Canadian, Irish and American businessman, writer and television host

Theo Caldwell is a Canadian, Irish and American businessman, writer, and former television host. Caldwell is also an investment advisor in the US and Canada, and is president of Caldwell Asset Management, one of the subsidiaries of Caldwell Financial Ltd, a company established by his father Thomas Caldwell.

== Education and career ==
Caldwell was educated at Upper Canada College (UCC), a private high school, graduating in 1991. He holds a B.A. in English from the University of Trinity College and an M.P.P. from the University of London.

In the 2000 Canadian federal election, Caldwell was the candidate for the Canadian Alliance in the Toronto riding of St. Paul's. Caldwell placed third with 5,415 votes (11.7%) behind Barry Cline, the Progressive Conservative candidate and Carolyn Bennett, the Liberal candidate who won the riding.

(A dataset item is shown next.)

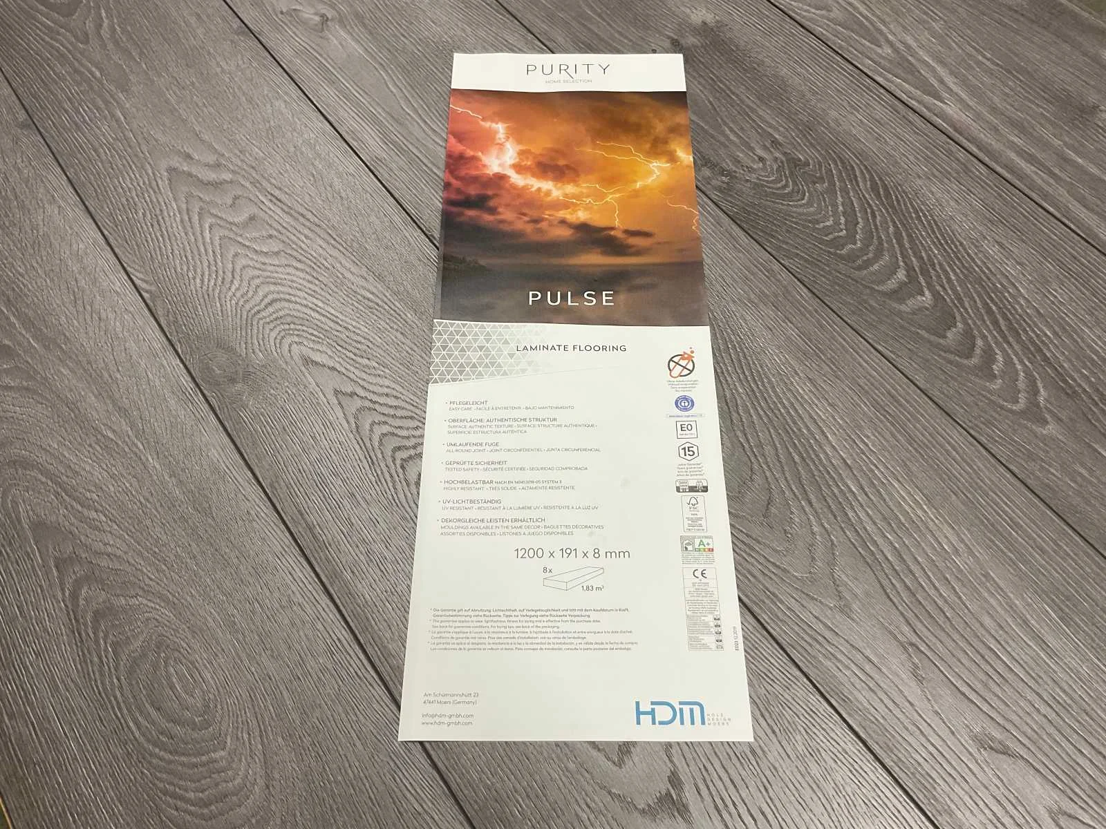 Pulse Eiken antraciet laminaat van het merk Purity à 1,83m² per pak = totaal van 1,83m². Merk: Purity Model: Pulse Product type: Laminaat Oppervlakte: 1.83m² Geschikt voor vloerverwarming: true V-groef: true Aantal m² per verpakking: 1.83m² Kleur: Eiken antraciet Gewicht: 13.2kg Lengte: 1200mm Breedte: 191mm Hoogte: 8mm Materiaal: HDF

In 2002, Caldwell offered $150,000 in an unsuccessful bid to purchase Frank magazine hoping to change it into a "kinder and gentler" publication.

Until 2011, Caldwell was a regular columnist for the Toronto Sun and other Sun Media properties; he has also been published in the National Post. He was also a regular financial and political commentator on CTV and CTV News Channel.

In August 2008, Theo Caldwell was recognized as the Canadian Institute for Jewish Research Golden Magen Davidhonoree for outstanding person of the year, for his support of Israel in the columns of Sun Media properties and in the National Post.

He is the author of a children's book, Finn the Half-Great, published in 2009 which debuted as the top teen literature book in the country that year and was named as one of the Toronto Star's top holiday fantasy reads for children.

Caldwell currently hosts Global Command Centre a syndicated programme on international politics produced by New Light Pictures Global Media.

Caldwell returned to UCC in 2010 to serve a year as McLeese Chair in Canadian Debating.

=== Sun News Network ===
In mid-April 2011, Caldwell was named host of The Caldwell Account, a news and analysis show on Sun News Network. Caldwell was criticized for his interviewing skills, notably his fast-talking and frequent interruptions. Theo Caldwell left the network the week of June 27, 2011. Several years later, Caldwell revealed that he quit as a result of Sun failing to pay him. Caldwell's short tenure at Sun received further notice in November 2011 when Sun News reprinted a group photo from its launch in which Caldwell's image was pasted over "with a discoloured, mildly out-of-proportion image of his replacement, Toronto radio host Michael Coren."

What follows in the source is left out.